In 2022, SHIFT moved to fully power its operations with renewable energy. This change, coupled with road transport optimizations reduced more than 90% of the Company’s carbon emissions. For the first quarter, the reduction of carbon emissions is equivalent to more than 2,000 trees. The energy company also stayed true to Shell’s Net-Zero Emissions by 2050 Goal, reducing 2.5 kilotons of CO2 for the first quarter by shifting to renewable energy sources, and by neutralizing carbon emissions through optimized road and primary transport scheduling.
“By improving the carbon off-set through our nature-based projects, we can provide our customers nationwide with a choice to drive carbon neutral.” Quiambao-Osial said. “Furthermore, our service stations are designed to lower carbon emissions as they use more eco-friendly equipment such as solar panels, LED lighting, inverter air conditioners, and even sustainable materials, like Eco bricks made from upcycled plastics,” SPC President and CEO added.
In keeping with Shell’s sustainability initiative, Fleet Solutions launched the Shell Reclaimed Card Program, enabling customers to recycle damaged or expired cards in exchange for carbon offset.
Progressing towards the Energy Transition
The Company changed its corporate name from Pilipinas Shell Petroleum Corporation to Shell Pilipinas Corporation marking the energy company’s vital role in the energy transition. This change signifies that SPC goes beyond petroleum and will deliver more options to its consumers to provide sustainable and cleaner energy solutions to the country.

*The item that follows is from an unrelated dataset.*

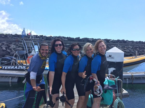 Und schon brechen – leider – die letzten beiden Tage an. Daniel macht uns viele Vorschläge und ein Teil der Gruppe wandert zum Lagoa do Fogo, ein Teil fährt noch einmal mit dem Zodiac Boot raus zum „Schwimmen mit Delphinen“. Heike und ich lachen heute noch, haben wir es leider einfach nicht hingekriegt, uns sanft (und vor allem schnell!) vom Boot ins Wasser gleiten zu lassen, nicht prustend das Wasser aus dem Schnorchel zu pusten und die in Sekundenbruchteilen vorbeirasenden (wilden!) Delphine zu beobachten. Ich hatte mir das „Schwimmen mit Delphinen“ ein bisschen naiv wie bei „Flipper“ vorgestellt, aber natürlich haben wilde Delphine besseres zu tun, als mit Touristen zu spielen.

“The change in name does not say that it is a departure from, but it just broadens where we are heading as a company to go beyond petroleum, but also recognizing that for us we keep looking at the needs of our customers now and in the future,” Quiambao-Osial said.
Shell Pilipinas Corporation Board of Directors lead the ceremonial ribbon cutting of the SPC wall that signifies the company’s name change from Pilipinas Shell Petroleum Corporation to Shell Pilipinas Corporation. (In photo: [Back, L-R] Mr. Fernando Zobel de Ayala, Mr. Luis La O, Mr. Rey Abilo; [Front, L-R] Mr. Amando Tetangco, Dr.Lydia Echauz, Chairman of the Board, Min Yih Tan, President and CEO, Lorelie Quiambao-Osial, Mr. Cesar Buenaventura, Ms. Nina Aguas, and Mr. Randolph Del Valle)
President and CEO of Shell Pilipinas Corporation, Lorelie Quiambao-Osial, talks about the history witnessed as PSPC transitions to becoming Shell Pilipinas Corporation and how this should align to the core values of the company.